I posted about my Dad's 80th birthday party. Another of the outstanding memories of that evening was seeing all the friends and relatives who came to his party and discovering how much time my Dad has invested in these people consistently over the years.
My Dad kept up a myriad of connections with his many sisters and brothers (4 sisters and 2 brothers lived into their 60's and beyond), cousins, nieces & nephews and work and army friends. Often these relationships have been maintained over the years solely by my Dad taking the initiative of regular contact whether that be visiting, phoning, writing or exchanging calendars!
Hearing this first hand from Dad's friends and relatives, telling me of the love that they have for him was and continues to be inspiring and very challenging to me. Which people have I invested in like this? Not many I fear.
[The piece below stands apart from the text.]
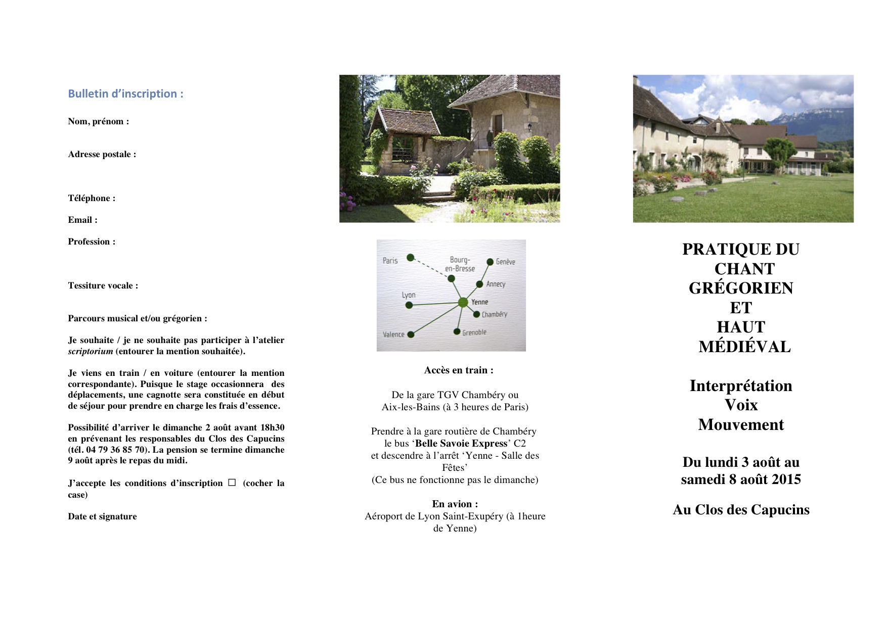 Du lundi 3 au samedi 8 août 2015 se déroulera le stage de Pratique et d’interprétation du chant grégorien et haut médiéval au Clos des Capucins, en Savoie. Les participants pourront découvrir et s’initier à l’art du chant grégorien et des premières polyphonies liturgiques à partir des premiers témoignages manuscrits sur l’oralité. Ils pourront puiser leur interprétation dans les indications de chant anciennes (neumes) qui indiquent aux chantres la manière dont ils peuvent animer leur chant et restituer ainsi toutes les subtilités qui le rendent juste et émouvant. Lors de ce stage sera proposé en ateliers un travail spécifique sur le rapport entre intention, mouvement et voix. Cette approche intéresse directement les personnes en recherche de leur voix et les transmetteurs de l’oralité (chanteurs, chefs de chœur, enseignants, pédagogues, comédiens, etc.). L’atelier Scriptorium proposera aux stagiaires intéressés de découvrir les illustrations du traité médical appelé au Moyen Âge Tacuinum sanitatis et d’illustrer un chant tiré du programme.

Society is much more fractured in our time and our culture is one of immediate gratification and looking out for what we need and not what we can give others. And yet this contact and connection is what we all desire - to know and to be known.
Being a Christian in a church community there is also the added difficulty, indeed a paradox if you will. We are called to reach out to others, to make disciples, and in our church we are looking to see it grow in size and influence. However, we must not do this by sacrificing others along the way, discarding old friendships for the 'fun and excitement' of the new ones. Somehow we need to do both - care for our existing family whilst welcoming the new additions.
For me I know since leaving home many years ago I have lived quite independently of my family and always looked forward to building friends with work and church colleagues. But now I feel I need to make sure that the important people in my life - family and friends I have known for years - are invested in with time and effort. I will welcome opportunities to develop new friendships in the future but I want to make those count too.
I guess as I get older, I might just be getting a bit wiser and I can look at my Dad see the way he invests his time (love) into his friends and family (and is loved by them) and truly say I want to be like him.